» Exercise description: Look below for lines that hold the string "front" and copy each one.
(Data records Opens)
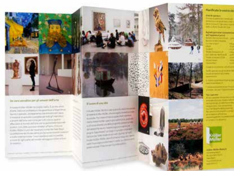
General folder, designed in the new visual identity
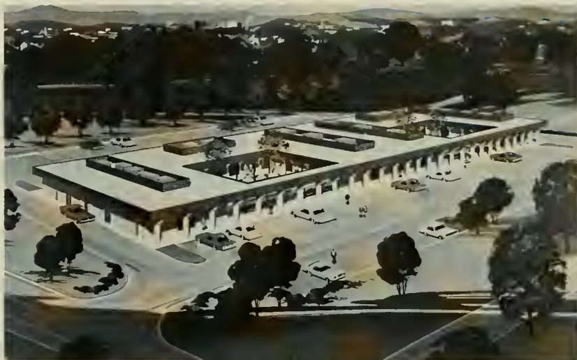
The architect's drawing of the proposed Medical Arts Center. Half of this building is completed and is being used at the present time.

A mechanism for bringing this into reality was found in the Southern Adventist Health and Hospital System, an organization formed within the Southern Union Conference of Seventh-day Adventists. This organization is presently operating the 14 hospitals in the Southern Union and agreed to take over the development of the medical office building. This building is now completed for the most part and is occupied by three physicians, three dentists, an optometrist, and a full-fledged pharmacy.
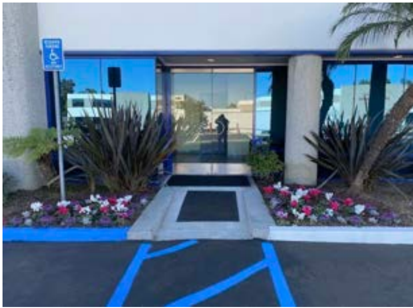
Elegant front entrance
(Data records Closes)
(Data records Opens)
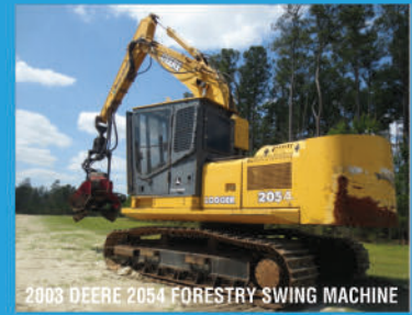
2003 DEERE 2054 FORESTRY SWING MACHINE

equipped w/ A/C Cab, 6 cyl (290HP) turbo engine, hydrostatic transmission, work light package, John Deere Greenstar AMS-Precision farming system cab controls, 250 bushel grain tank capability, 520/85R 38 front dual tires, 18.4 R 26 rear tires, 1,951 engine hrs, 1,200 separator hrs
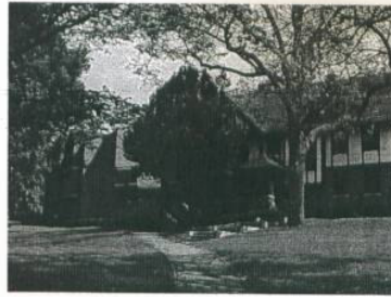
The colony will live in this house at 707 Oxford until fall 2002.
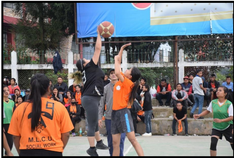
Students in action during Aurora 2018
(Data records Closes)
(Data records Opens)
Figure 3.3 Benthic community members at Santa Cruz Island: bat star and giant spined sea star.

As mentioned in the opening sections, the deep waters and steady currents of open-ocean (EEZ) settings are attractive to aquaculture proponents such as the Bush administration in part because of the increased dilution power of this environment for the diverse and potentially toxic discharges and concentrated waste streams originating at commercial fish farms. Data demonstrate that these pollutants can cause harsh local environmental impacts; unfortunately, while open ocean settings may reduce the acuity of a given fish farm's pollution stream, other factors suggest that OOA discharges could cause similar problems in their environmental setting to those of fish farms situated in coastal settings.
(Data records Closes)
» Exercise response:
Elegant front entrance
equipped w/ A/C Cab, 6 cyl (290HP) turbo engine, hydrostatic transmission, work light package, John Deere Greenstar AMS-Precision farming system cab controls, 250 bushel grain tank capability, 520/85R 38 front dual tires, 18.4 R 26 rear tires, 1,951 engine hrs, 1,200 separator hrs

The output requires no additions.